In [61]:
import pandas as pd
import re
import numpy as np
import string
from textstat.textstat import textstat
from textblob import TextBlob
from nltk.tag import pos_tag
from nltk.tokenize import word_tokenize
from nltk import word_tokenize
from nltk.stem import PorterStemmer
from sklearn.model_selection import train_test_split
from sklearn.feature_extraction.text import CountVectorizer
from sklearn.linear_model import LogisticRegression
from sklearn.metrics import classification_report
from sklearn.model_selection import StratifiedKFold, train_test_split, GridSearchCV
from sklearn.svm import LinearSVC, SVC
from sklearn.ensemble import RandomForestClassifier
from sklearn.ensemble import GradientBoostingClassifier
from sklearn.feature_selection import SelectFromModel
from sklearn.feature_extraction.text import TfidfVectorizer
from sklearn.externals import joblib

%matplotlib inline

In [33]:
class PorterTokenizer(object):
    """Custom PorterTokenizer for TfidfVectorizer"""

    def __init__(self):
        self.stemmer = PorterStemmer()

    def __call__(self, doc):
        translate_table = dict((ord(char), None) for char in string.punctuation)
        return [self.stemmer.stem(t) for t in word_tokenize(doc.translate(translate_table))]

class Vectorizer(object):
    """Vecotizer wrapper for sklearn TfidfVectorizer.
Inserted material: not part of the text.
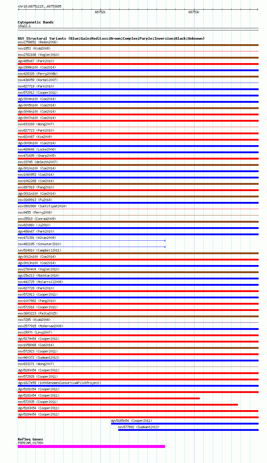 Variant DetailsVariant: nsv572940| Internal ID | 16360349 | | Landmark | | | Location Information | | | Cytoband | 16q22.1 | | Allele length | | Assembly | Allele length | | hg38 | 2571 | | hg19 | 2571 | | hg18 | 2571 |
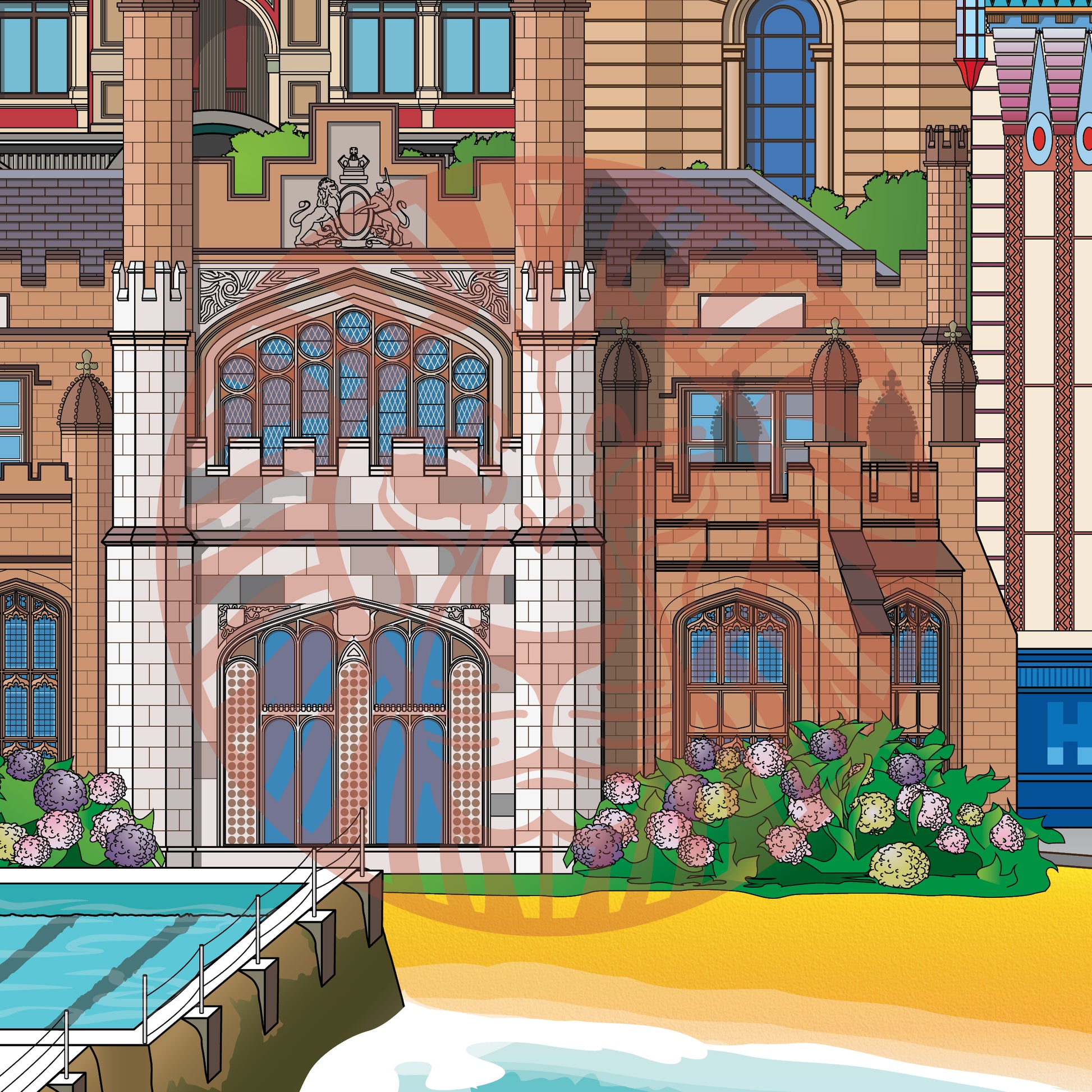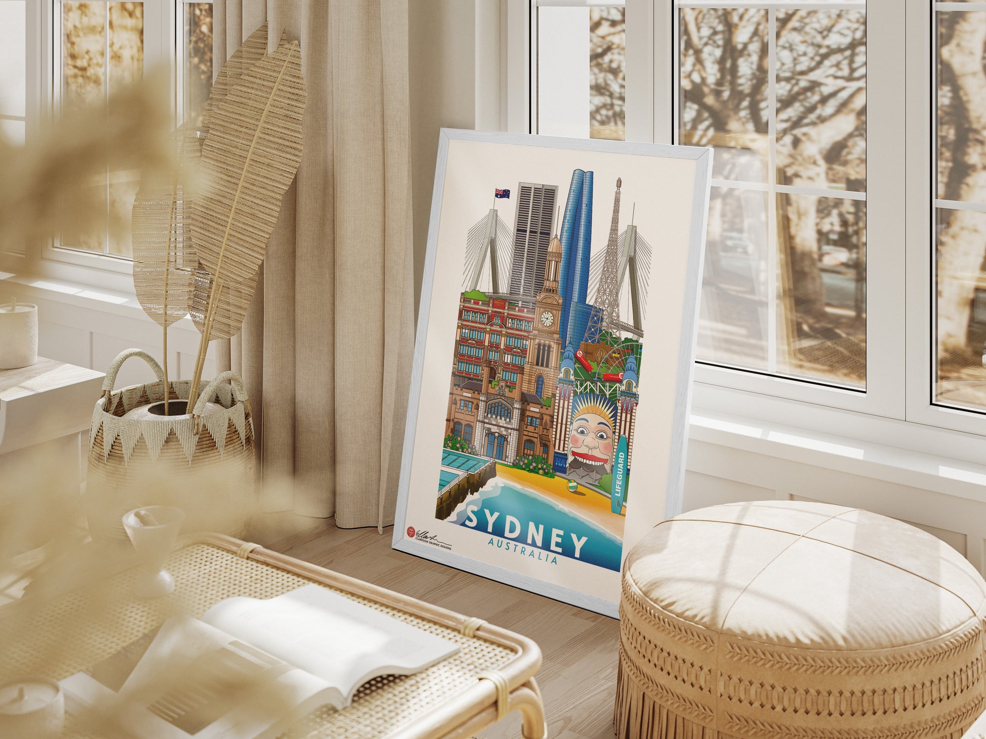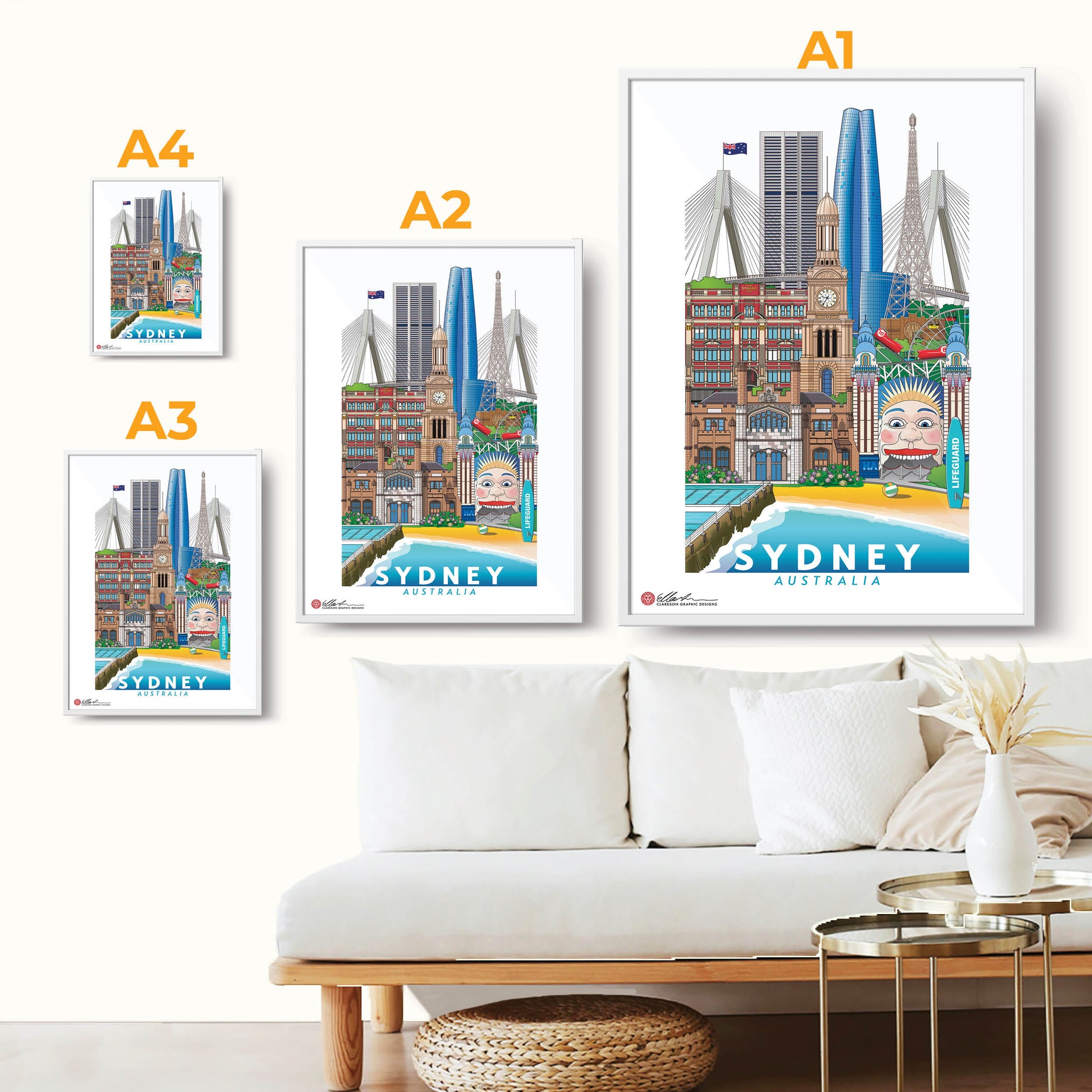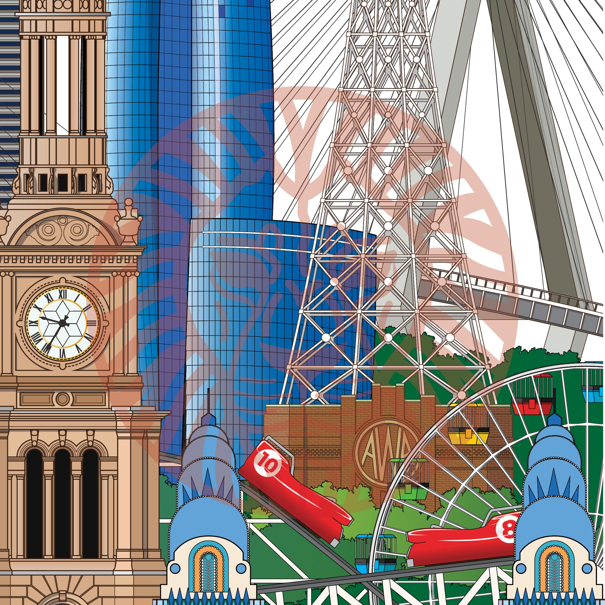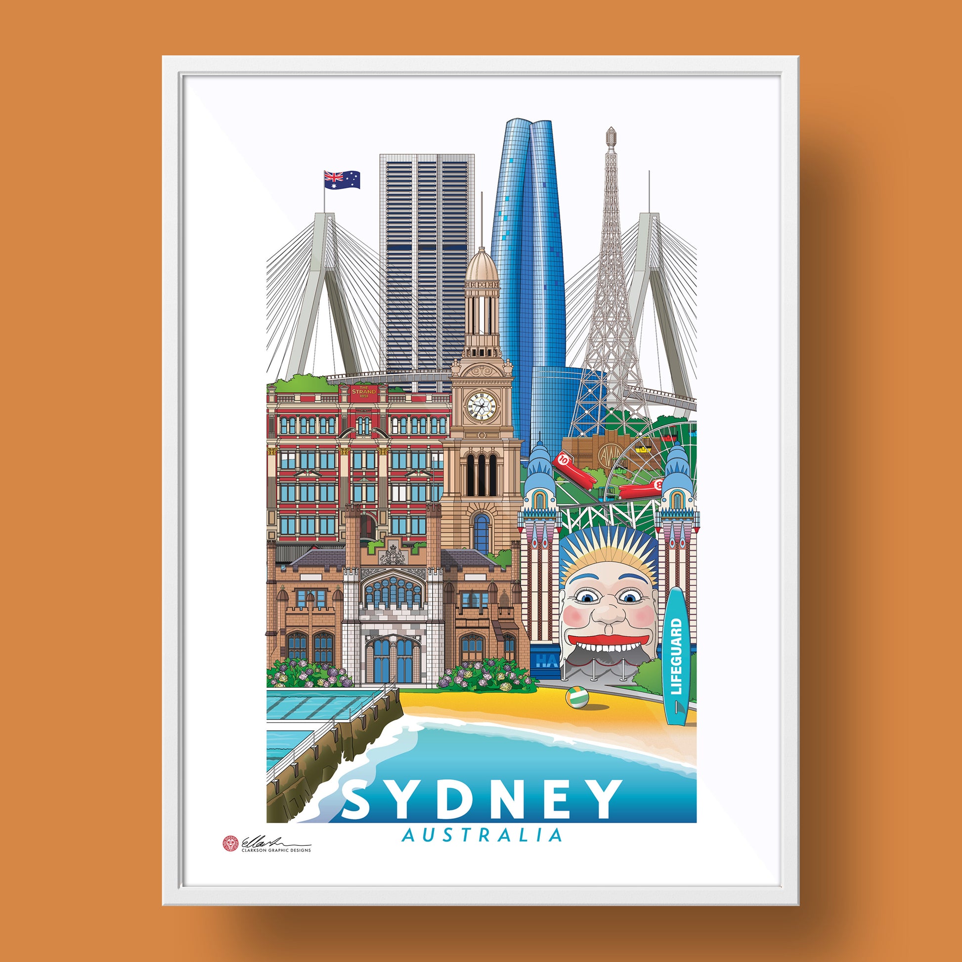 ANZAC Bridge, 25 Martin Place, One Barangaroo (Crown Casino), The AWA Tower, The Strand Arcade, Town Hall, Government House, Luna Park, Bondi Icebergs, Bondi Beach, Netball, Bondi Rescue Surfboard.

    Allows passing of custom tokenizer

    TODO: add more custom tokenizers"""

    def __init__(self,
                 tokenizer=None,
                 encoding='utf-8',
                 stop_words='english',
                 min_df=1,
                 ngram_range=None):
        self.tokenizers = {'porter': PorterTokenizer()}
        self.vectorizer = TfidfVectorizer(tokenizer=self.tokenizers[tokenizer],
                                          encoding=encoding,
                                          stop_words=stop_words,
                                          min_df=min_df,
                                          ngram_range=ngram_range)

    def fit(self, X):
        self.vectorizer.fit(X)
        return self

    def fit_transform(self, X):
        return self.vectorizer.fit_transform(X)

    def transform(self, X):
        return self.vectorizer.transform(x)

In [62]:
# feature extraction
def remove_handles(content):
    return ' '.join(re.sub("(@[A-Za-z0-9]+)"," ",content).split())

def count_handles(content):
    return len(re.findall("(@[A-Za-z0-9]+)",content))

def bool_handles(content):
    match = re.search("(@[A-Za-z0-9]+)", content)
    if match:
        return 1
    else: return 0

def count_hashtags(content):
    return len(re.findall("(#[A-Za-z0-9]+)",content))

def bool_hashtags(content):
    match = re.search("(#[A-Za-z0-9]+)", content)
    if match:
        return 1
    else: return 0

def is_retweet(content):
    return int("RT " in content)

def has_url(content):
    return int("https://" in content or "http://" in content)

def build_POS_list(content):
    content = content.decode('latin-1')
    return ' '.join([item[1] for item in pos_tag(word_tokenize(content))])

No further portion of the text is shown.